At its annual convention over the Fourth of July weekend, the
National Education Association flung down the gauntlet in its war
against school competition, a.k.a. school choice. Meeting at McCormick
Place in Chicago, the delegates voted to impose a $5 a year increase in
each member's dues in order to raise $6 million to combat vouchers and
related ballot initiatives.
The NEA delegates approved numerous resolutions and a legislative
lobbying program to back up this very political decision. In
Resolution A-29, the NEA declares that it "opposes all attempts to
establish and/or implement" voucher plans or tuition tax credits
because they "undermine public education" and "reduce the support
needed to adequately fund public education."
The NEA knows how to sling the semantics. Resolution A-27
describes all the following as "Deleterious Programs" that must be
eliminated: "privatization, performance contracting, tax credits for
tuition to private and parochial schools, voucher plans (or funding
formulas that have the same effect as vouchers), planned program
budgeting systems (PPBS), and evaluations by private, profit-making
groups."
The NEA gives us a case study in how a monopoly freezes out its
competition. NEA Resolution A-10 states that "closed public school
buildings should be sold or leased only to those organizations that do
not provide direct educational services to students and/or are not in
direct competition with public schools."
The NEA is also trying to restrict competition by having NEA
bureaucrats impose regulations on private schools. Resolution A-2
states that "all schools must be accredited under uniform standards
established by the appropriate agencies in collaboration with the NEA
and its affiliates."
Of course, the reason parents remove their children from free
government schools and take on the burden of paying for private
schooling is to get out from under the phony "standards" set by
"appropriate" union-controlled government agencies.

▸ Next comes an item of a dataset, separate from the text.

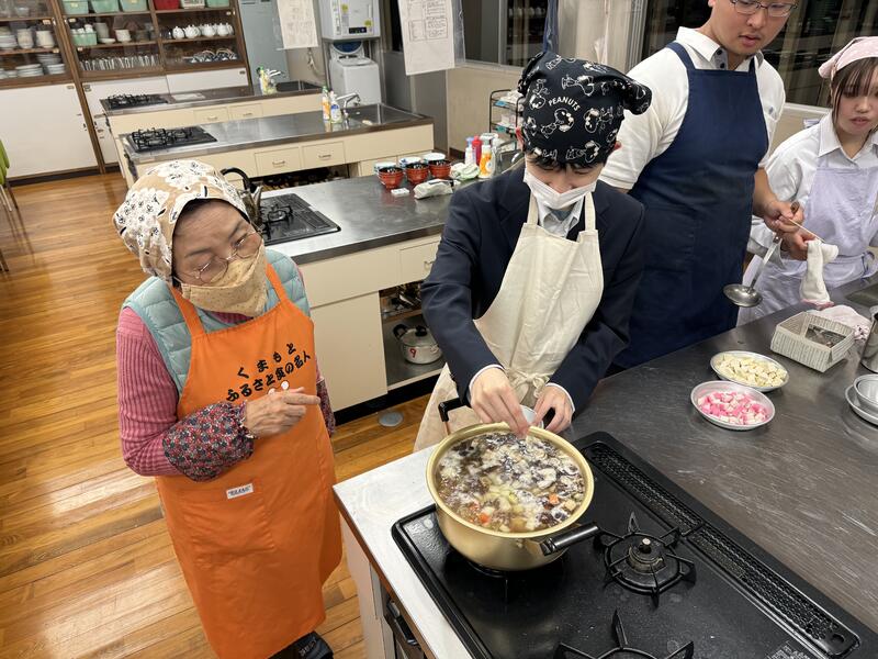くまもとふるさと「食の名人」の牧山様、鶴田様を講師にお招きし、人吉・球磨の郷土料理について知りながら、技術を習得しました。

The NEA feels particularly threatened by homeschooling, possibly
because of the way homeschoolers have outperformed public school
students on national tests. The long tentacles of the public school
monopoly are trying to erect barriers to keep homeschool competition
excluded from the market.
Resolution B-67 seeks regulations to forbid parents from teaching
their children unless they are "licensed by the appropriate state
education licensure agency" and use "a curriculum approved by the state
department of education." The NEA even wants to forbid homeschooled
students from participating in any extra-curricular activities in the
public schools and wants to give the public schools sole authority to
determine credits earned toward graduation for students entering or re-
entering public schools.
The NEA fully realizes the importance of capturing its customers
at the youngest age possible. Resolution B-1 demands "mandatory
Kindergarten with compulsory attendance."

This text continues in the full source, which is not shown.